1.3 Relationship to other Management Documents


This recovery plan relates to a range of other regional, State and Federal documents that provide specific recommendations or regional objectives regarding the management of threatened species including;

  • Our Place, Our Future, State Natural Resources Management Plan 2012 - 2017 (Government of South Australia 2012) – the recovery plan meets Objective 12 of the State NRM Plan: “Improve the conservation status of species and ecological communities”.

  • No Species Loss – A Biodiversity Strategy for South Australia (DEH 2006) - contributes to the priority targets by eradicating or halting significant threats, reassessing the conservation status and securing key populations at priority threatened species sites.

  • Biodiversity Plan for the South East of South Australia (Croft et al. 1999) - discusses the importance of conserving a range of threatened species and significant habitat in the region including C. richardsiorum, P. tenuissima, the highly threatened Silky Tea-tree (Leptospermum lanigerum) Scrub in which P. tenuissima occurs, and coastal systems.

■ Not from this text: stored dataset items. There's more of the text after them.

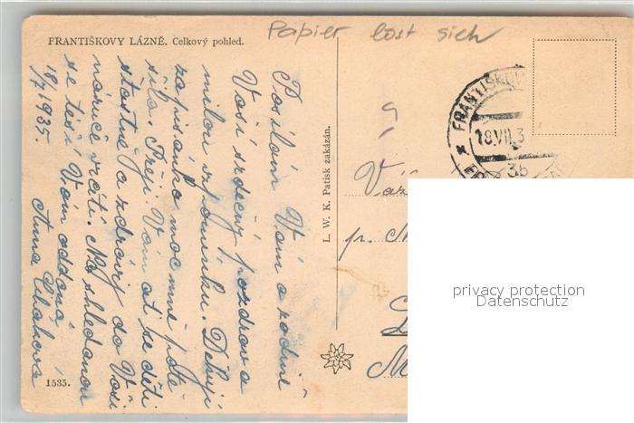 old postcard Frantiskovy Lazne Panorama Stadtansicht postalisch gelaufen Erhaltung siehe scans [KathaD81]
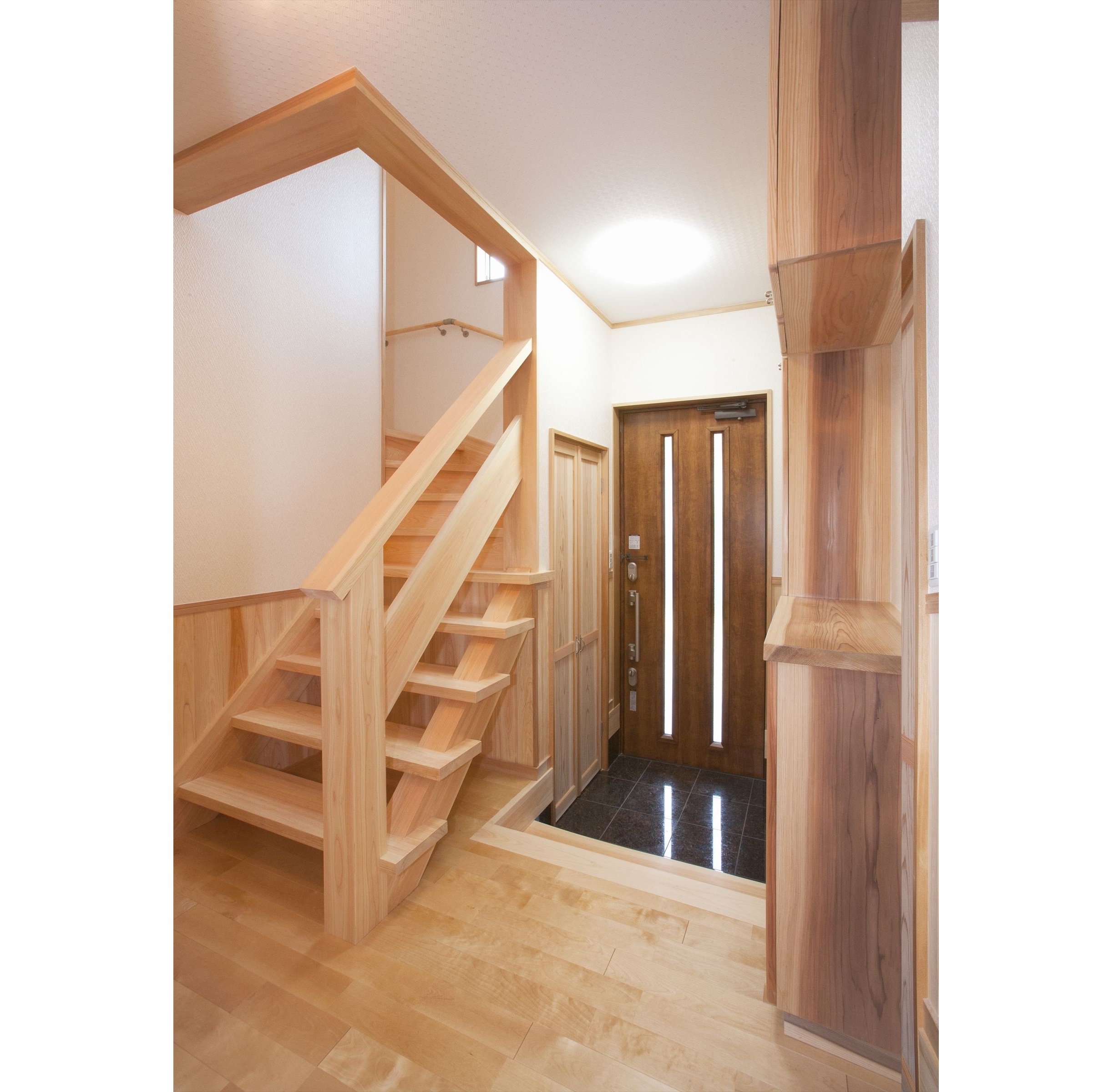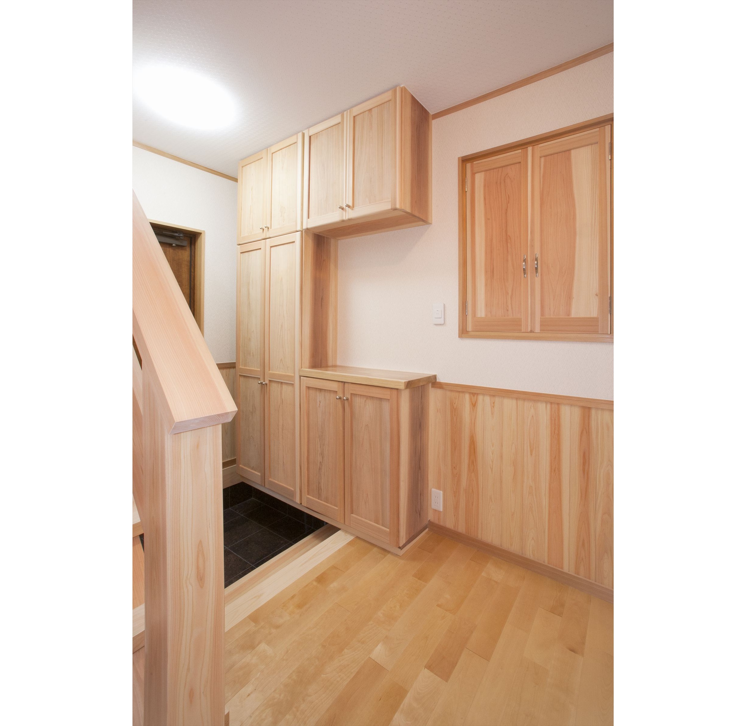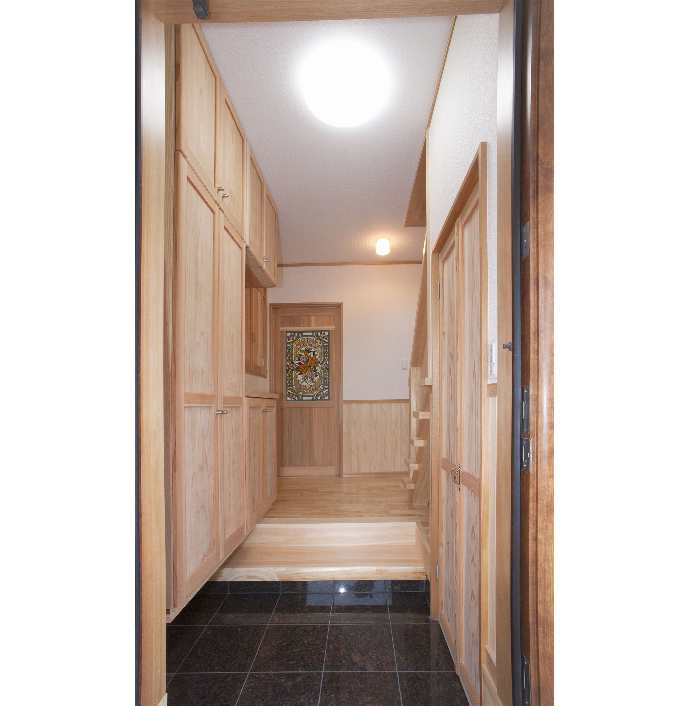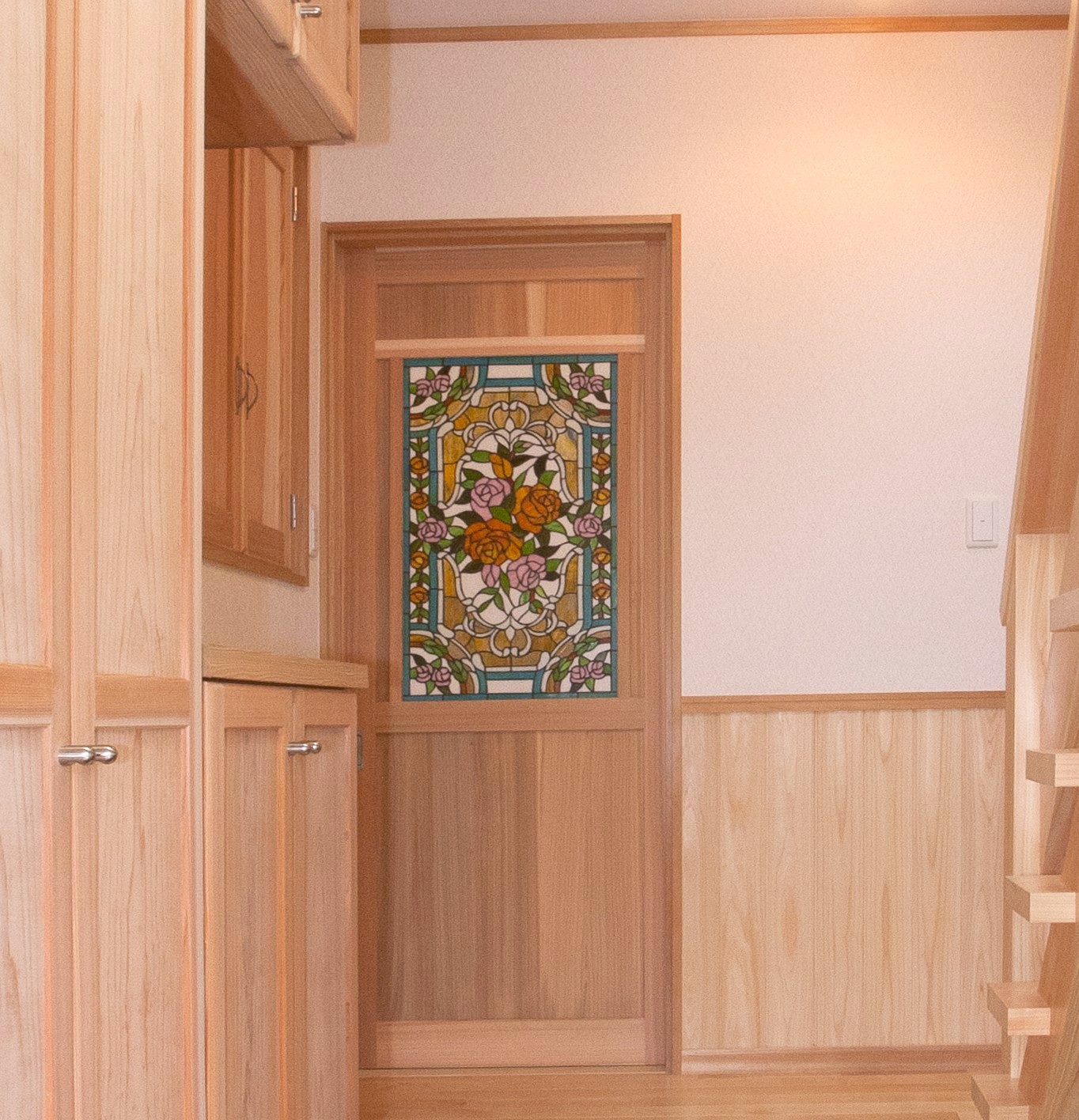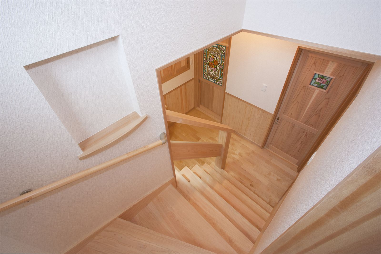 ・玄関ポーチは色の御影石 ・手作りの下駄箱 ・手作り建具にはステンドグラスを ・キッチンの手元に便利なニッチ ・階段の壁にお洒落なニッチ ・洗面脱衣室やトイレの壁に桧
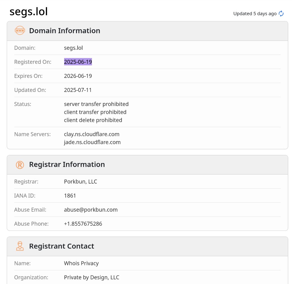 The Linxiac article is revelatory. The infected chrome package disables all the configuration done by google chrome and stored in ~/.config/chrome-flags.conf then it goes ahead and contacts the server segs.lol. After doing a reverse lookup, ping and DNS query it is found that this server has a IP address of 104.21.90.193 and is hosted in USA. This domain was registered on June 19th 2025.

The plan also prioritises specific coastal areas.

  • South East Natural Resource Management Plan (SENRMB 2010) – this recovery document supports the resource condition targets of the SENRM plan, which include: “Conservation status of threatened species and ecological communities occurring in the south-east will be maintained or improved”.

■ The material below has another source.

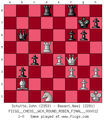 Last move : 1-0 2015 April 4 17:20:56 [Event "FICGS__CHESS__WCH_ROUND_ROBIN_FINAL__000012"] [Site "FICGS"] [Date "2014.11.14"] [Round "1"] [White "Schutte,John"] [Black "Basant,Neel"] [Result "1-0"] [WhiteElo "2353"] [BlackElo "2281"] 1.d4 Nf6 2.c4 e6 3.Nc3 Bb4 4.f3 d5 5.a3 Bxc3+ 6.bxc3 b6 7.cxd5 exd5 8.e3 c5 9.Bb5+ Bd7 10.a4 Nc6 11.Ne2 O-O 12.O-O Re8 13.c4 Qe7 14.Bxc6 Bxc6 15.cxd5 Bxd5 16.Qd3 Rac8 17.Rd1 Nd7 18.Nf4 Bb7 19.d5 Qf6 20.Ra3 Ne5 21.Qc2 a6 22.Qb2 Qd8 23.Ra1 c4 24.Ra3 Bc6 25.Bd2 Bd7 26.Qd4 Qe7 27.d6 Qg5 28.e4 Qf6 29.Be3 Rc6 30.R3a1 b5 31.axb5 axb5 32.Kh1 b4 33.Ra7 b3 34.Nd5 Qxd6 35.Nc3 Qf8 36.Bc1 Qc5 37.Rxd7 Nxd7 38.Qxd7 R6c8 39.Bb2 f6 40.h3 Rf8 41.Rd5 Qf2 42.Nd1 Qb6 43.Rg5 g6 44.Rd5 Rcd8 45.Qg4 Kg7 46.Qf4 1-0 This chess game has been lost on time (started : 2014.11.14 21:20:43) Nimzo-Indian : Kmoch variation Kingside Castling by player Black (move 11) Kingside Castling by player White (move 12) Player White won this chess game. Follow this game move after move (download)It was clear to me that the vulnerable point of the American Grandmaster (Bobby Fischer) was in double-edged, hanging, irrational positions, where he often failed to find a win even in a won position. (Efim Geller) Ich trinke, ich rauche, ich spiele, ich liebe Frauen aber Fernschach ist ein Laster, das ich nicht habe. (Mikhail Nekhemyevich Tal) El Ajedrez es un regaderazo frío para la mente. (Sir John Simon) Des points faibles ou des trous dans la position de l'adversaire doivent être occupés par des pièces et non pas par des pions. (Siegbert Tarrasch) Memory is a complicated thing, a relative to truth, but not its twin. (Barbara Kingsolver, Animal Dreams)

  • West Victoria Comprehensive Regional Biodiversity Assessment (CVRFASC 2000) - provides an overview of the biodiversity of the region and identifies 63 plant taxa of high regional priority for management, including C. calcicola.

  • Glenelg Hopkins Regional Catchment Strategy (GHCMA 2003) - recognises the high number of threatened plant species in the Lower Glenelg and Portland Coastal sub-catchments including C. calcicola and P. tenuissima. The strategy also sets out Interim Resource Condition Targets that aim to double the cover of depleted Ecological Vegetation Classes by 2030 and all three species are found in highly threatened ecological communities.

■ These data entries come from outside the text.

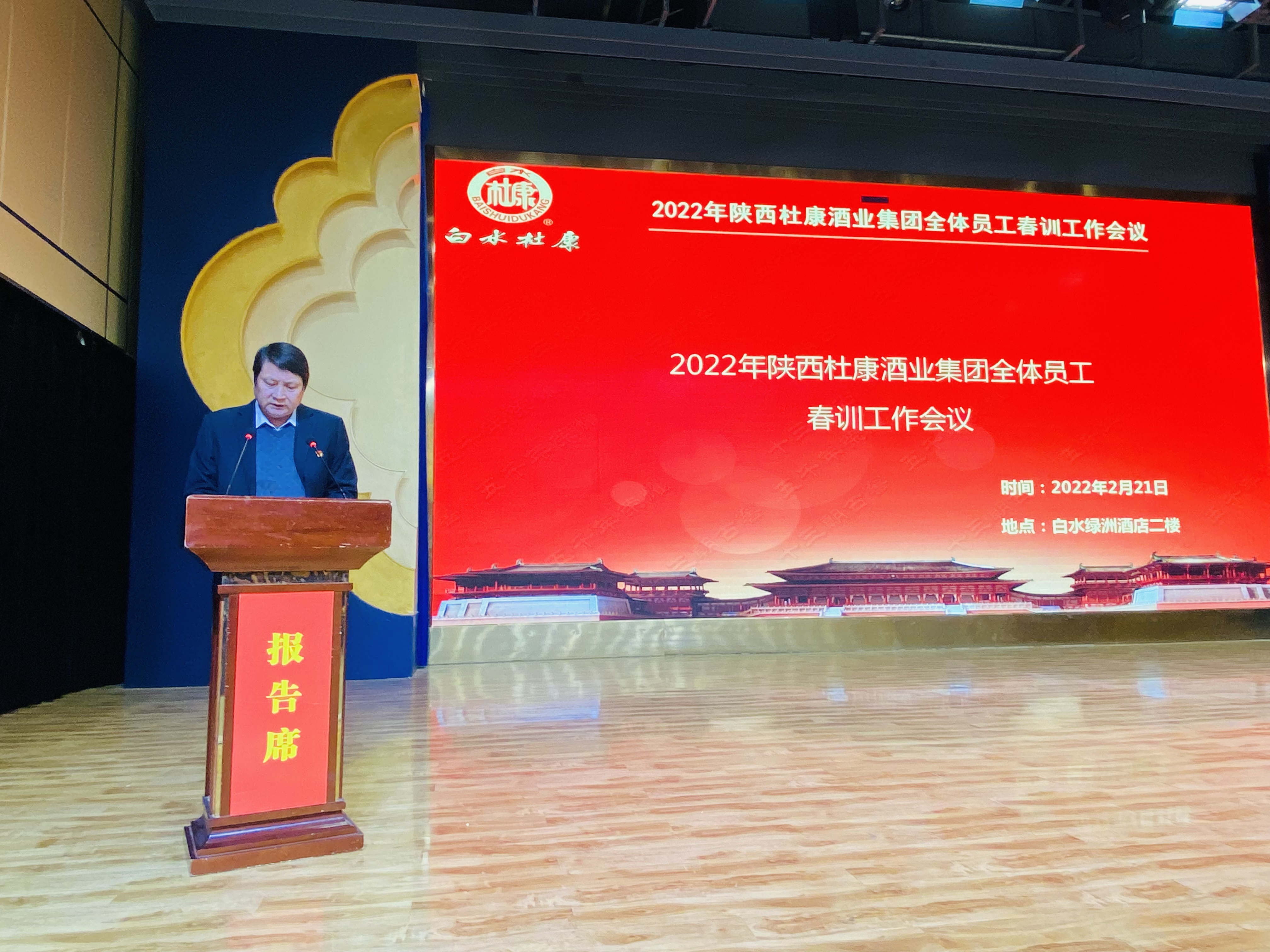 21日下午,陕西杜康酒业集团召开全员春训总结会。集团党委书记周军、董事长张红军、总裁王勇盛、副总裁商景枫、董事长助理王乾以及集团各部门负责人、各区域销售经理、酒厂部分员工代表200余人参加会议。会议谋划2022年总体工作,安排部署下一步工作任务,为实现公司2022年经营目标开好局、起好步。会议由集团总裁王勇盛主持。
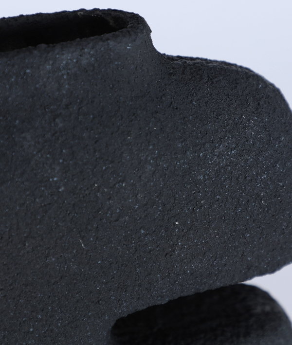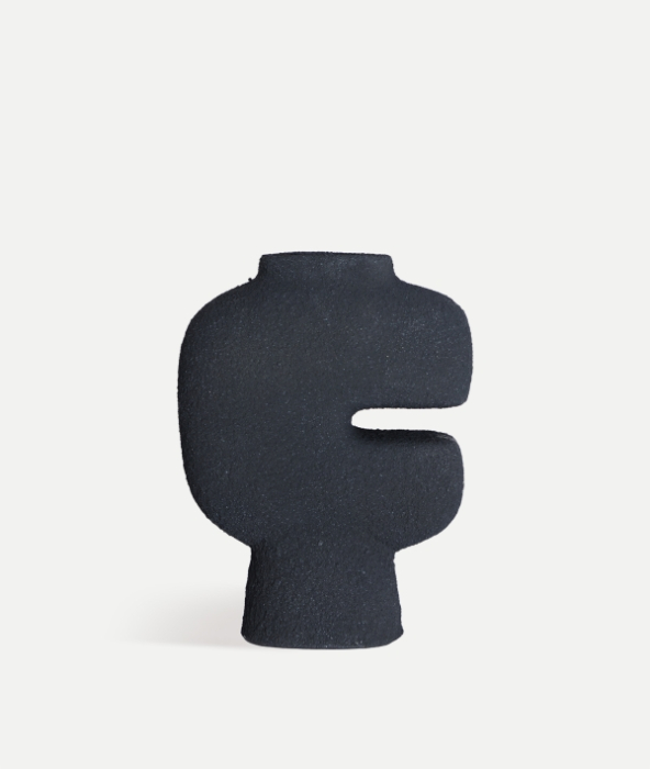 Vaza Niveo de la KODU impresionează prin silueta sculpturală și liniile organice care amintesc de forme abstracte contemporane. Finisajul rugos în negru mat oferă profunzime vizuală și o prezență puternică, transformând piesa într-un element decorativ cu impact, ideal pentru interioare moderne sau artistice.
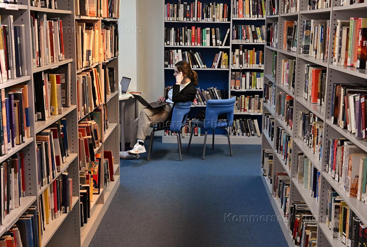 Всероссийская государственная библиотека иностранной литературы имени М.И.Рудомино. Жанровая фотография. Читатели во время работы в библиотеке.

  • Corangamite Regional Catchment Strategy (CCMA 2003) - identifies Silky Tea-tree Scrub (habitat for P. tenuissima) as a priority Ecological Vegetation Class and endeavours to protect 2,500 hectares of high priority Silky Tea-tree Scrub remnant vegetation on private land. The strategy recognises the importance of Regional Biodiversity Action Plans, National Recovery Plans and State Action Statements in the planning of threatened species recovery.

1.4 International Obligations


The implementation of this recovery plan is consistent with the following international agreements:

  • 1992 United Nations Convention on Biological Diversity

  • 1992 Rio Declaration on Environment and Development (Agenda 21)

1.5 Storage of Spatial and Other Data


Data relating to the location and management of threatened species and communities are stored in a range of information systems within the South Australian Department of Environment, Water and Natural Resources (DEWNR) and the Victorian Department of Sustainability and Environment (DSE).

The impacts of excessive visitation and illegal orchid collection, although infrequent, remains a high risk to threatened orchid taxa where population sizes are low or where the habitat is very sensitive to trampling. As a result, data relating to exact site locations are not included in this document.